As Midrash and the text tell us, Abraham the patriarch was a maverick. He was aware that a statue, a pocket sized clay figure, a tree or a hill was not a god. There was something more than the wind and the sun, and that something more was God. The older generation of his time, including his own father, could not make that conceptual leap, and so they set out to destroy him.
Abraham left that world to define himself and his family in the mind shift to monotheism. We celebrate his iconoclasm, all while being fallible human beings and clinging to idols of the mind, the assumptions we hold so dear. It may be assumptions of our generation, gender, sexual orientation or social status. We hold them so dear they become idols. When the rabbis of the Talmud would challenge a statement, very often they would phrase their challenge "how is this derived?" Understanding why a rule was written the way it was came before rejecting it on seemingly logical grounds. Once understood, it could be accepted or rejected. But understanding came first, and even in rejection tolerance for a community's view remained. I find so little of that in our world, and that class was only the latest and last example. Most people would rather defend their idols of assumptions, than even listen or understand to the the assumptions of another.

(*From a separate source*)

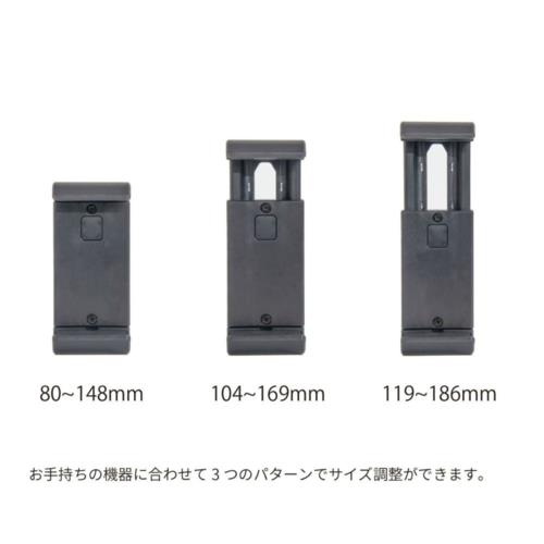 80mm~186mmまで使えるため、タブレットとスマホの両方に対応できます。

It's hard to make a mind shift. One of the hardest is to remove the assumptions that our assumptions are facts. We need to examine them, to continually challenge ourselves to say "how is this derived?" In some cases, like the Rabbis of the Gemara, we may continue to believe or we may see how we are faulty in our thinking. Like Abram, we may learn to lech lecha, to move on to a different way of thinking, away from the prejudices and faulty assumptions of our kindred and ancestors' house.